China has barred two co-founders of AI startup Manus — CEO Xiao Hong and Chief Scientist Ji Yichao — from leaving the country as part of an investigation into Meta’s reported $2 billion acquisition of the company. The travel restriction, reported on March 25, signals Beijing’s increasing willingness to intervene in cross-border AI deals that could transfer Chinese AI talent and technology to American companies.
Manus developed autonomous AI agent technology that attracted Meta’s interest as the company expands its AI capabilities for its social media platforms and metaverse initiatives. Mark Zuckerberg reportedly pursued the acquisition to acquire both the technology and the research team behind it. The deal structure reportedly included provisions for the founders and key researchers to relocate to Meta’s offices in the United States.
China’s intervention reflects escalating tensions over AI talent flows between the two countries.

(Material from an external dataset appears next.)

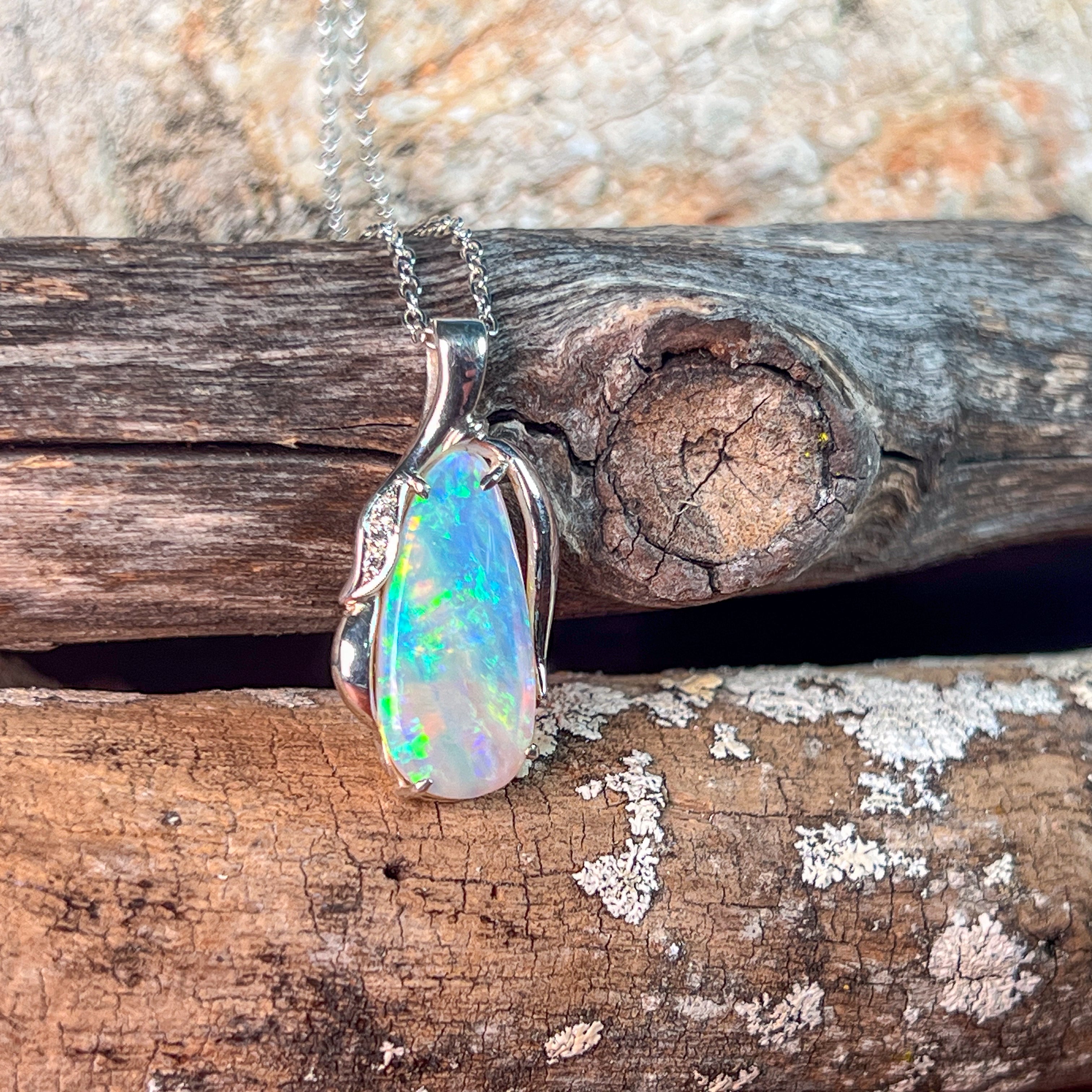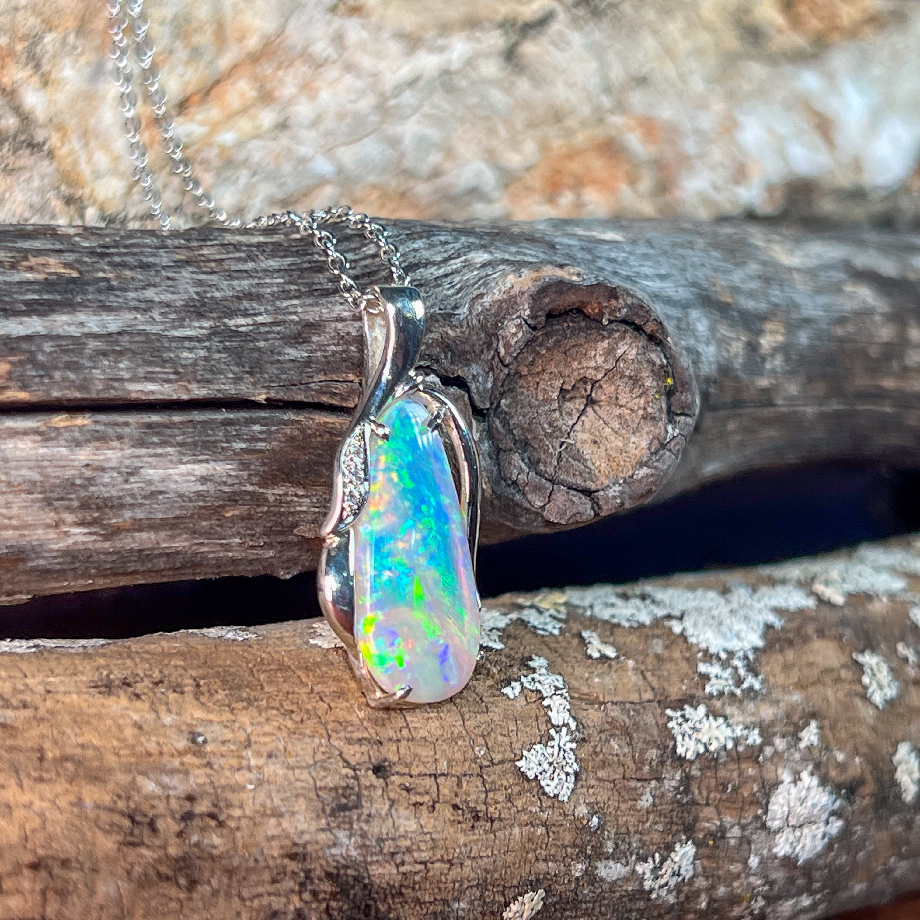 Make a bold statement with this Sterling Silver pendant featuring a dazzling 7.1ct crystal opal sourced directly from the opal capital, Coober Pedy. Its fiery flashes capture the untamed beauty of the Australian outback, perfect for those who dare to shine with unique, natural elegance. Elevate your style and own a piece that commands attention wherever you go.

While US export controls restrict hardware flowing to China, Beijing is increasingly focused on preventing the reverse: Chinese AI researchers and entrepreneurs leaving for American companies. The Manus case establishes a precedent that Chinese authorities will use travel restrictions to block acquisitions that would relocate AI expertise abroad.
For the global AI industry, the incident adds a new dimension to US-China technology competition. Previous friction centered on chip exports and model access. The Manus case introduces personnel mobility as a contested domain — one where neither country has clear legal frameworks and both have strong incentives to act unilaterally. AI researchers with dual US-China exposure now face the possibility that their career mobility is subject to geopolitical approval.

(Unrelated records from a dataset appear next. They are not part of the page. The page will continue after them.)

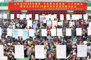 昨天,山東省2009年服務“半島藍色經濟區”人才招聘暨青島大學2010屆畢業生首屆供需見面洽談會在青島大學體育館舉行,來自半島藍色經濟區的420余家用人單位,為兩萬多名畢業生提供了1.1萬個工作崗位。
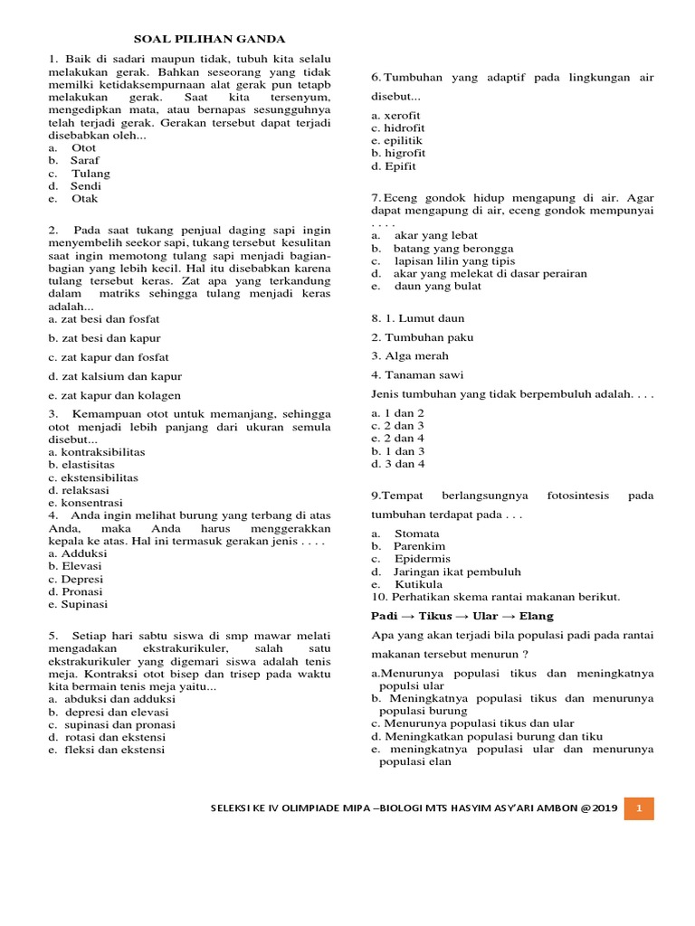 Feb 19 2013 Total Attempts. Soal Ujian Online Biologi Kelas 7 Diera yang serba modern saat sekarang ini telah banyak perkembangan zaman yang sangat canggih semua kegiatan banyak dilakukan cara berbasis online.
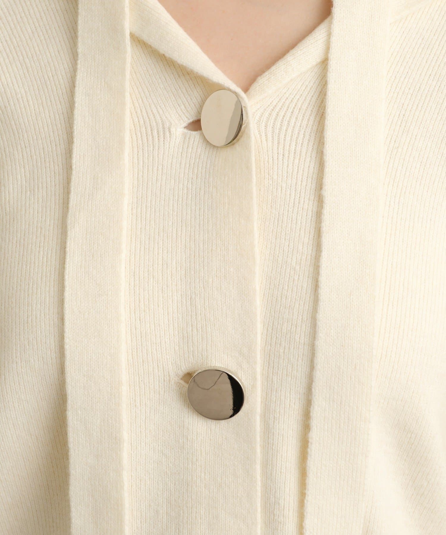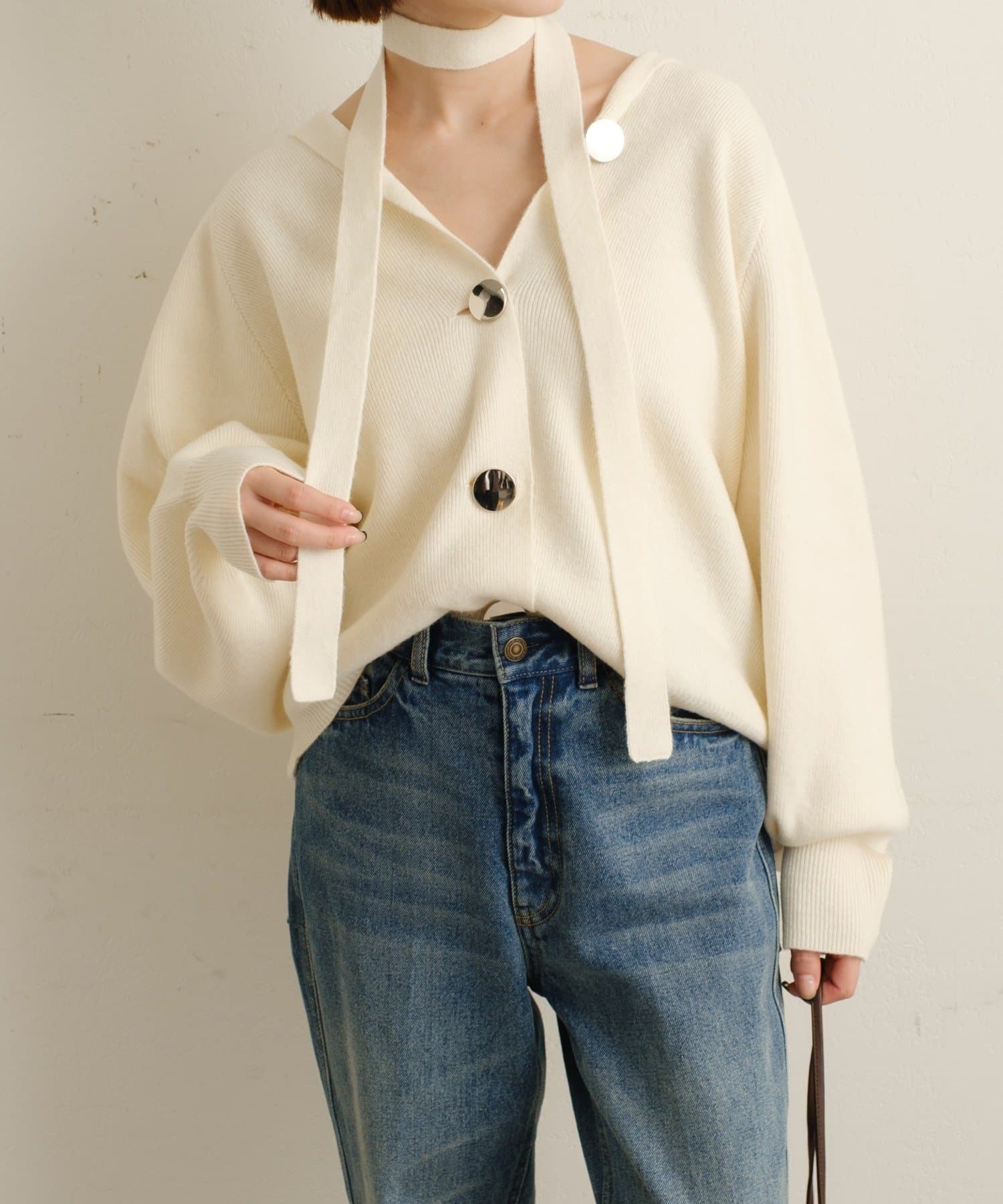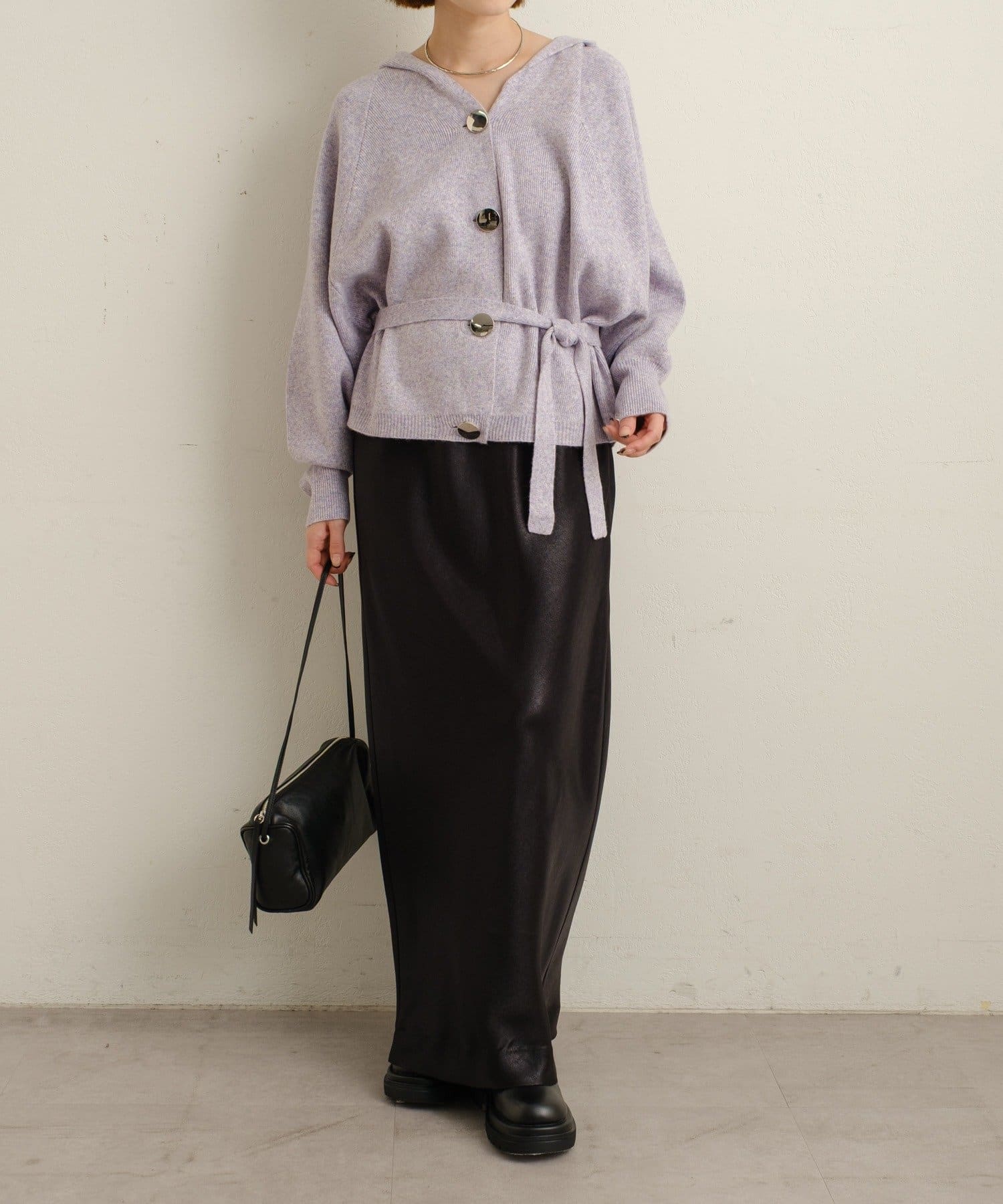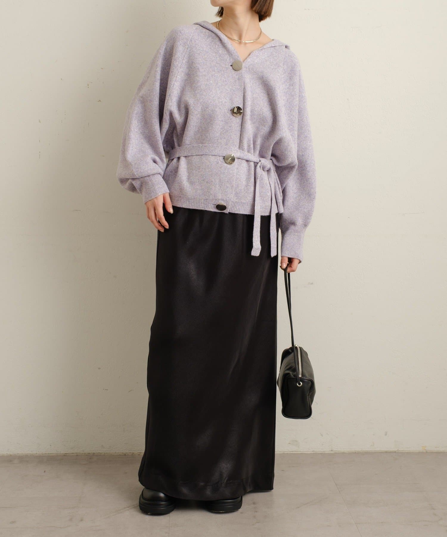 ・シルバーボタンとベルトがアクセントになったフーディニットカーディガン。

Meta has not publicly commented on the status of the acquisition. If the deal collapses due to Chinese government intervention, it would be the most significant blocked AI transaction since the US blocked the Broadcom-Qualcomm merger in 2018, though the mechanism — exit controls rather than investment review — is novel. The outcome will influence how future cross-border AI acquisitions are structured, particularly those involving Chinese AI companies with founders who are Chinese nationals.